[Records excerpted from a collection]
■ ■ ■

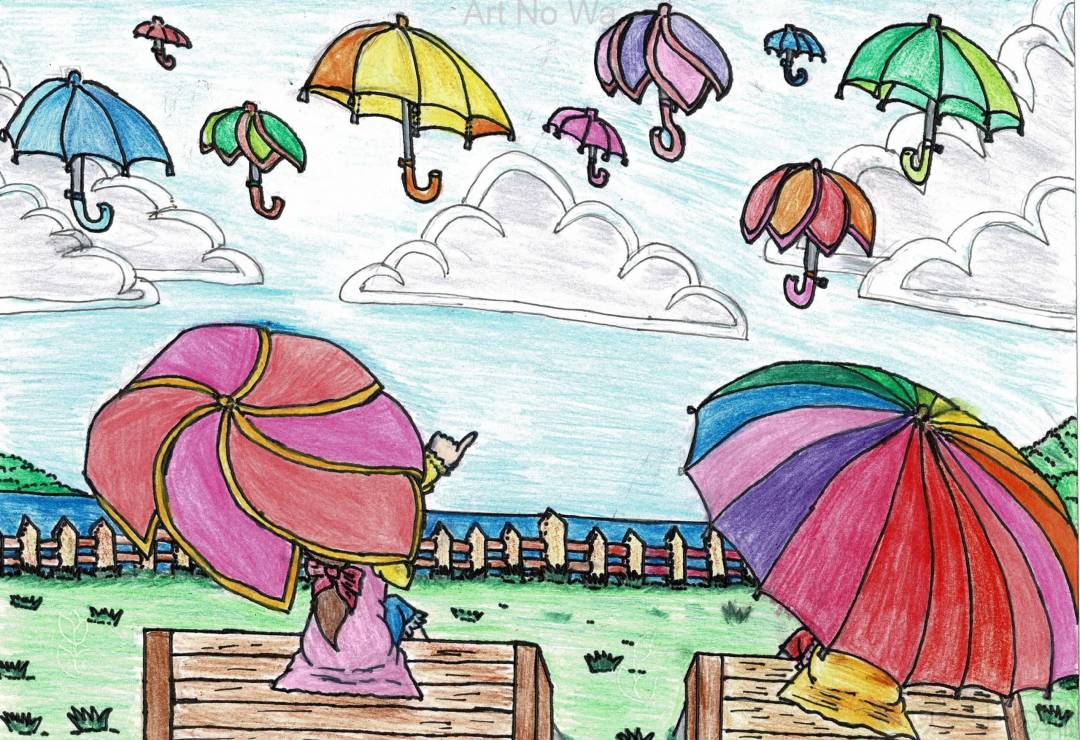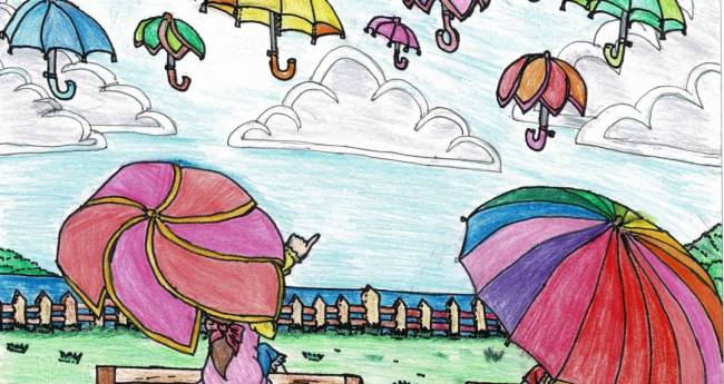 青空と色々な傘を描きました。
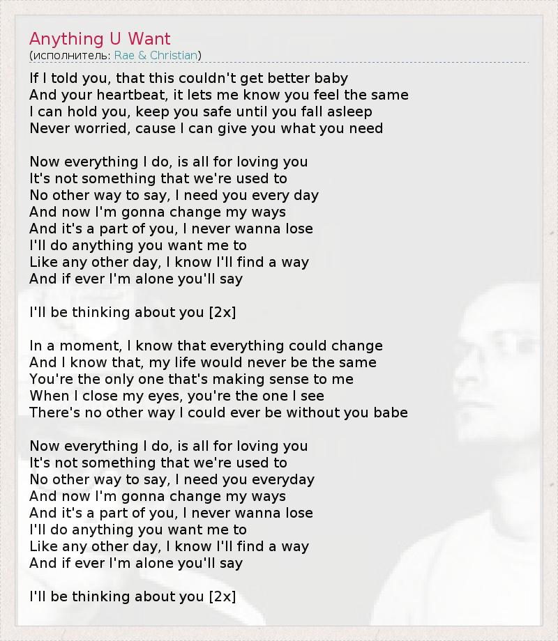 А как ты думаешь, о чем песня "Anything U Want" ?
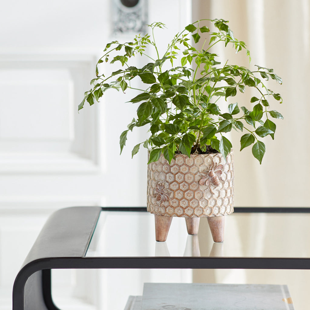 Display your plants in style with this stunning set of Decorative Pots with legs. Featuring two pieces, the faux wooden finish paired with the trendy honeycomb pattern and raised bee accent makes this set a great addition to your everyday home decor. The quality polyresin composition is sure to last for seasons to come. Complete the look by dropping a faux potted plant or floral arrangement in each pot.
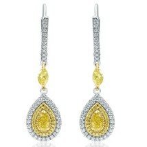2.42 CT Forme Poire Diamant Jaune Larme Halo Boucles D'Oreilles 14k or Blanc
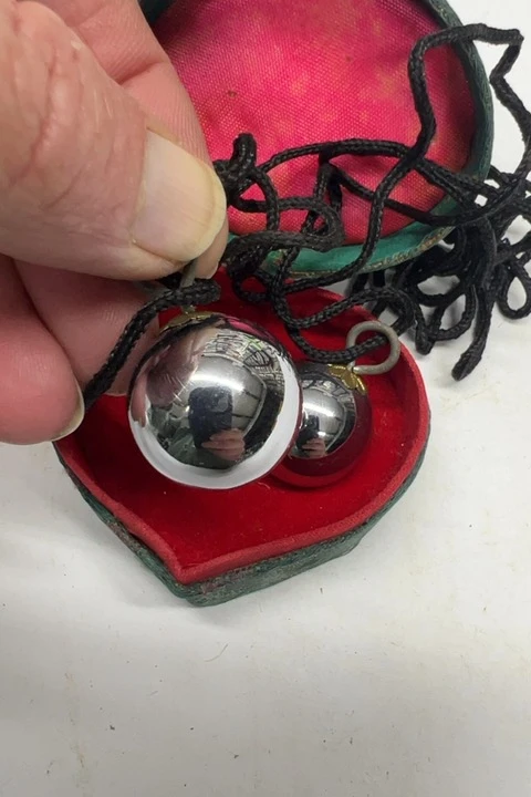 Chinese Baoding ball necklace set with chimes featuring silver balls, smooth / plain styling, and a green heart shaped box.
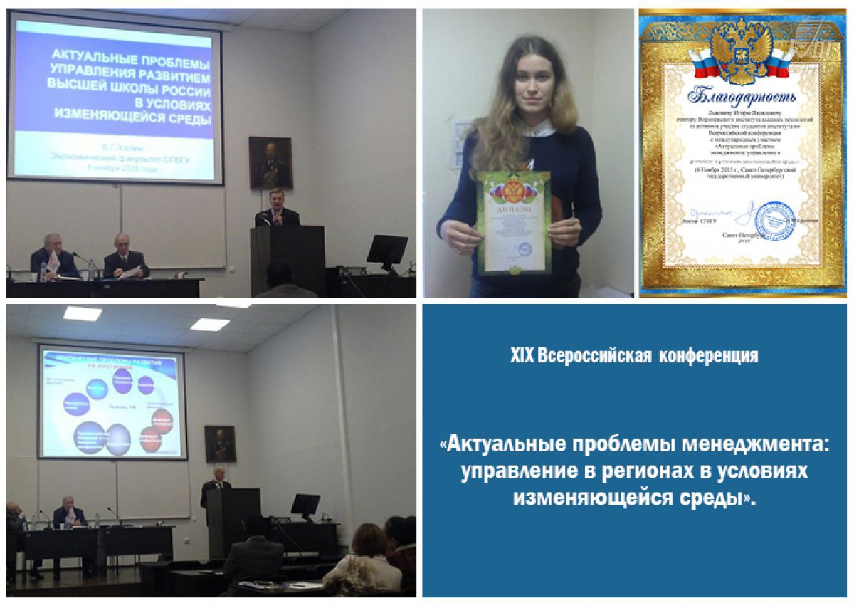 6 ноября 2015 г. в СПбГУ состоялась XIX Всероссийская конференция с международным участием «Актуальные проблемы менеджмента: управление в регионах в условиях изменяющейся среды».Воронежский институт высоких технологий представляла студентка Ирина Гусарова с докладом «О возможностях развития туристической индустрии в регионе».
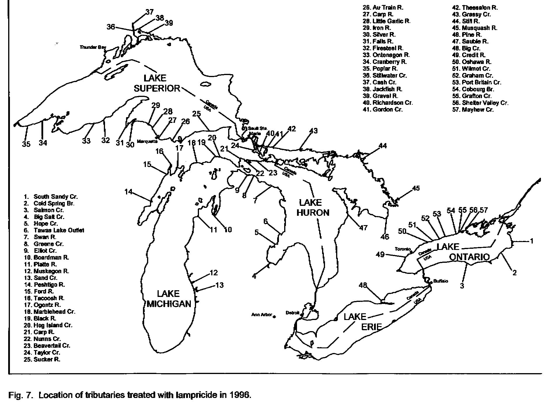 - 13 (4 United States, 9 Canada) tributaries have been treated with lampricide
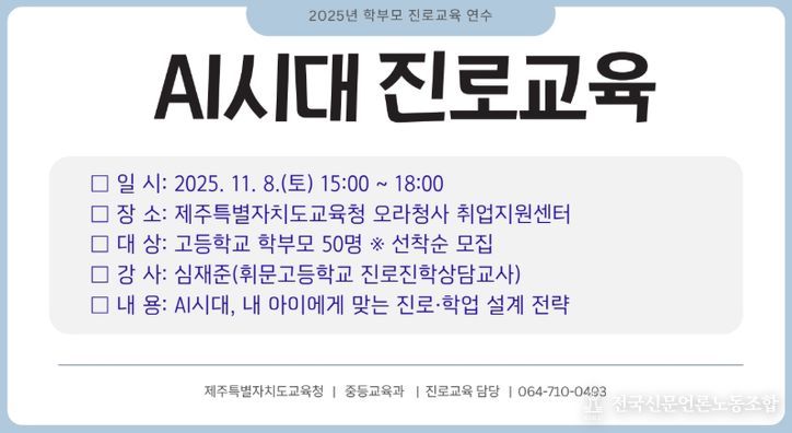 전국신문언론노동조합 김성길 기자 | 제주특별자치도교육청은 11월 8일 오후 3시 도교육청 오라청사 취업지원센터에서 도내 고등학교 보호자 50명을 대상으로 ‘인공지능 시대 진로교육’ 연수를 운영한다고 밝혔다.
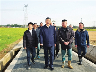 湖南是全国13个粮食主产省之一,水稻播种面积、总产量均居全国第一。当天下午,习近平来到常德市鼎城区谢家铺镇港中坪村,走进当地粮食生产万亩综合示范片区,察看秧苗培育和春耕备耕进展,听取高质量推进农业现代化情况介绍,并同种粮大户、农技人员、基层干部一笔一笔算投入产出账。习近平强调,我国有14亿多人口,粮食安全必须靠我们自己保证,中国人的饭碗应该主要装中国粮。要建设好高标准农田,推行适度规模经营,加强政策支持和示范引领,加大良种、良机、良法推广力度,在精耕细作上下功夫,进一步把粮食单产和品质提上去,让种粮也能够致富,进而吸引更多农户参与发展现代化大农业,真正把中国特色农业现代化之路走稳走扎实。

■ ■ ■

**Task requirements**
What lines above run from the one with "Chinese Baoding ball" to the one with "전국신문언론노동조합 김성길 기자"? Give them again exactly, ends included, and leave the pictures out.

**Written solution**
 Chinese Baoding ball necklace set with chimes featuring silver balls, smooth / plain styling, and a green heart shaped box.
 6 ноября 2015 г. в СПбГУ состоялась XIX Всероссийская конференция с международным участием «Актуальные проблемы менеджмента: управление в регионах в условиях изменяющейся среды».Воронежский институт высоких технологий представляла студентка Ирина Гусарова с докладом «О возможностях развития туристической индустрии в регионе».
 - 13 (4 United States, 9 Canada) tributaries have been treated with lampricide
 전국신문언론노동조합 김성길 기자 | 제주특별자치도교육청은 11월 8일 오후 3시 도교육청 오라청사 취업지원센터에서 도내 고등학교 보호자 50명을 대상으로 ‘인공지능 시대 진로교육’ 연수를 운영한다고 밝혔다.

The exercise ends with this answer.